There will always be a very special place in my innate pedagogical heart for his maverick English teacher John Keating. But my favourite film of his is the little-known and much derided fantasy What Dreams May Come. Not many have seen or even heard about it, despite it winning an Academy Award for the breath-taking beauty of it visual effects. It deals with mental breakdown, exploring the metaphysics of death, heaven, purgatory and hell. From an idyllic life – “a soul in bliss” – to the torture of being “bound/ Upon a wheel of fire, that mine own tears/ Do scald like molten lead.” This film convinced me long ago that Robin Williams would make an extraordinary Lear. The hairs on the back of my neck still rise thinking about it.

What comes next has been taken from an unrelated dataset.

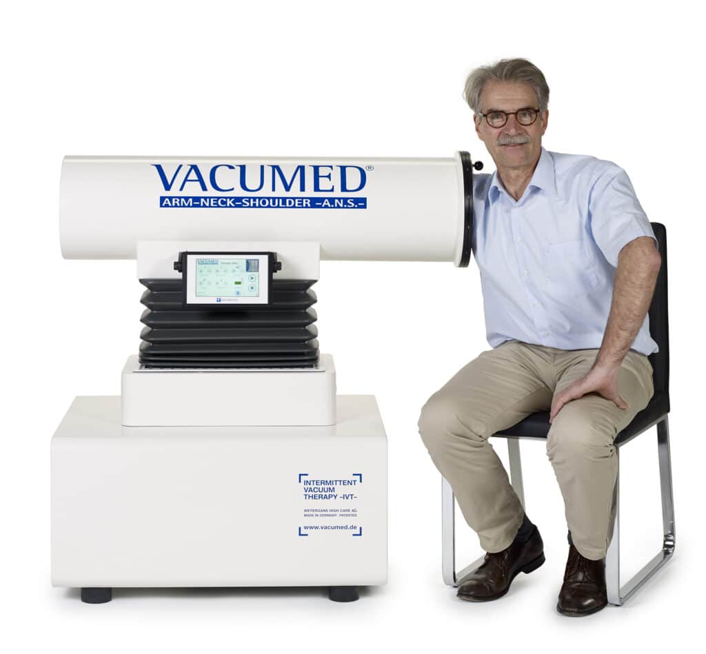 A Vacumed A.N.S. egy német fejlesztésű, orvostechnikai minősítéssel rendelkező vákuumterápiás készülék, amely a NASA technológiáján alapulva hozza el a modern regeneráció és keringésjavítás legfejlettebb formáját. A Weyergans High Care® Systems által kifejlesztett eszköz egyedülálló módon használ váltakozó vákuumhatást a felső végtagokon, ezzel támogatva a vér- és nyirokkeringést, a szöveti oxigénellátást, valamint az autonóm idegrendszer harmonizálását.
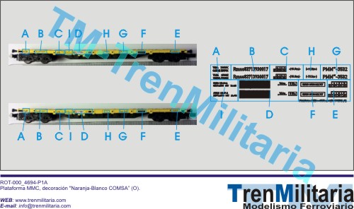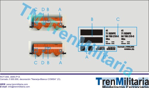 | Referencia O-RE-000_0020 Vagón mercancías COMSA Plataforma MMC (O), en decoración Naranja-Blanco | 5,78 € |

And so I was pursuing the project, and had proposed that he make his West End debut in 2016, which will be the 400th anniversary of Shakespeare’s death. We had exchanged a few ideas: the angle would have been an exploration of the onset of dementia, perched somewhere between Cinderella and Game of Thrones. Due to filming commitments, discussions were paused. I never got to look into his eyes, but in his voice you could sense a world-weariness and the inescapable presence of ghosts. I was in talks with designers, and had lured my preferred composer. I was just waiting to hear from the King I could see in my mind’s eye: “O Captain! My Captain!”

The revelation a few days ago that he was actually suffering the early onset of Parkinson’s now puts my dream in a different sleep.

Falstaff must be fat, Romeo pretty, Pantalone stilted and Quasimodo grotesque. Some directors cast an actor the moment they walk through a door. Sadly, no one important enough ever thought to cast Robin Williams as a schizoid Hamlet in the 1980s or a deranged Lear even five years ago. Perhaps in too many eyes he was a celluloid stand-up; a “ha ha, yeah, yeah” Bottom who made people laugh by just making a Manhattan cocktail. His characters had become masks to hide behind. His squeaky voices, silly walks, make-up and prosthetics were the outer representation of an inner determination. But Renaissance verse? Elizabethan song? Shakespearean subtlety and Marlovian bombast? If only his subconscious anguish could have been unleashed onstage, we would have seen comic demons, tortured princes and monarchs to behold the swelling scene. What memories, what sounds, what sights, what tears, what cheers – we’ll never know.

We are such stuff as dreams are made on.

Flights of angels sing thee to thy rest.